As we celebrate Zero Inbox Day, Andrew Filev, CEO and founder of Wrike shares his thoughts on the future of email.
“As we acknowledge this year’s Zero Inbox Day, I have to ask, why can’t every day be Zero Inbox Day.
In 2015, I predicted that businesses would abandon email as a productivity tool in 10 years. Seven years later, we’re not far off. Organisations are turning to other solutions that not only enable them to communicate but more efficiently collaborate on work by tying into workflows in ways email cannot. We’re at a critical juncture where, if organisations want to succeed in the coming years, they must consider reducing the amount of time spent in email threads and increase time spent in solutions that provide 360-degree visibility and can manage and help execute against the full scope of work with workflow automation.

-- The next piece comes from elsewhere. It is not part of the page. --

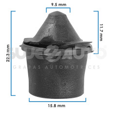 TOPE P/COFRE FD VARIOS 50-22 10 Piezas Nylon Negro 9.5 3/8 22.3 7/8 11.7 29/64 15.8 5/8 Sujeauto

Our digital age has catapulted the complexity of the work we carry out each day. Global networks and a never-ending stream of communication tools and processes have made it harder to keep track of the day-to-day, especially when things are not effectively integrated. In fact, new research from Wrike found that knowledge based workers send and receive 295 work-related messages on average each day and spend 89 working days per year, on average, due to the ‘dark matter of work’ created by these messages. Having an overflowing inbox – which is siloed from other systems and applications exacerbates the problem.
Zero Inbox Day presents us with an opportunity to reflect on how we’re managing work complexities and how we can modernise the way we work to thrive in uncertain times. Cleaning up our inboxes won’t solve the problem. Finding real solutions for information overload and siloed systems will. Organisations need a single source of truth that brings all work (and workflows) together in one place to increase visibility, streamline processes, and boost the employee experience so chaotic inboxes can’t distract from the end goal.”